A Agência Nacional de Telecomunicações (Anatel) negou hoje, 28, o pedido de reconsideração apresentado pela Associação NEO contra a decisão que alterou a destinação da faixa de 6 GHz, repartindo o espectro entre aplicações de uso não licenciado, como Wi‑Fi, e sistemas móveis de uso licenciado (IMT). A decisão foi unânime e ocorreu em circuito deliberativo.

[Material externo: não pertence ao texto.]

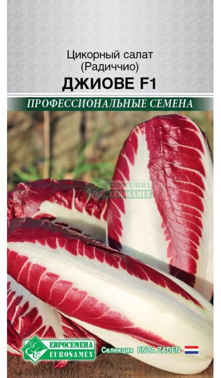 Радиччио – разновидность цикория салатного с красной листвой. Родина овощного растения Италия, где его знают как красный салатный цикорий, и в России он тоже широко известен. Радиччио Джиове F1 - кочанный гибрид сортотипа Тревизо с очень необычной окраской для выращивания в открытом грунте. Период вегетации 80-90 дней после высадки рассады. Цвет листа обусловлен наличием антоциана – одного из самых сильных антиоксидантов. Именно это вещество придает бордовую окраску листьям. Прожилки совершенно белые. Кочан вытянутый, длиной 22-23 см, плотный весом до 600 грамм, быстро набирает вес. Назначение универсальное, предпочтительно употребление в свежем виде. Особенности салата цикорного Радиччио Джиове F1 - кочан на срезе имеет красивый мраморный рисунок. Отлично смотрится в салатных смесях. Необычная окраска всего растения дает возможность использовать его в ландшафтных композициях. Высокая устойчивость к цветушности позволяет получать кочаны высокого качества с каждого растения. Варить или жарить листья нужно не более 5 минут, чтобы сохранить максимум полезных веществ.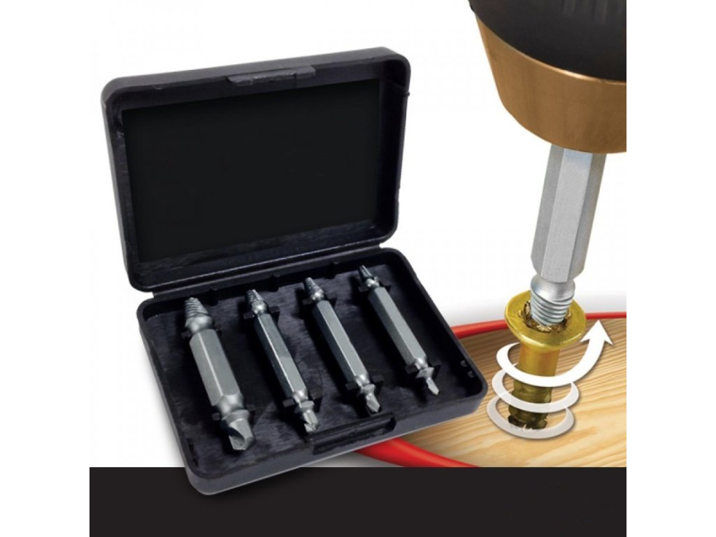 A tört csavar kiszedő segítségével akár kevesebb, mint fél perc alatt el tudod távolítani a legsérültebb csavarokat is. A készlet 4 darab csavarkiszedő szerszámból áll és szinte minden csavarozóval vagy fúrógéppel használhatóak. Bármilyen méretű és formájú csavarnál kiválóan alkalmazhatod. Csak meg kell fúrnod a sérült területet az eszköz fúró végével és a kiemelő végével egyenletesen kicsavarni.

A Associação NEO contestou, entre outros pontos, a inclusão da divisão da faixa de 6 GHz no PDFF em votação por circuito deliberativo no final de 2024. A Anatel sustenta que não cabe recurso contra ato normativo, por se tratar de decisão de caráter geral e abstrato, entendimento já consolidado pelo Conselho Diretor.
No voto condutor, o conselheiro Alexandre Freire afirmou que a deliberação por circuito observou os requisitos do regimento interno, com autorização do Conselho Diretor, consenso entre os conselheiros e dispensa de manifestações orais, o que é compatível com procedimentos normativos.
A NEO também argumentou que a deliberação em circuito não seria adequada diante da complexidade do tema e que um despacho editado no processo teria natureza decisória. A Anatel reiterou que o despacho possui natureza procedimental interna, destinado a impulsionar o processo, sem produzir efeitos decisórios ou normativos autônomos.
Sobre a Análise de Impacto Regulatório (AIR), a diretoria explicou que a avaliação relacionada à licitação da subfaixa 6.425 MHz a 7.125 MHz já tramita em processo próprio, com AIR já elaborada, o que torna prejudicada a discussão sobre eventual omissão. Questões técnicas e econômicas relativas ao espectro permanecem em âmbito de mérito regulatório, não passível de reabertura por meio de recurso.
Com a decisão, o Conselho Diretor manteve inalteradas as regras que dividem a faixa de 6 GHz entre aplicações licenciadas e não licenciadas.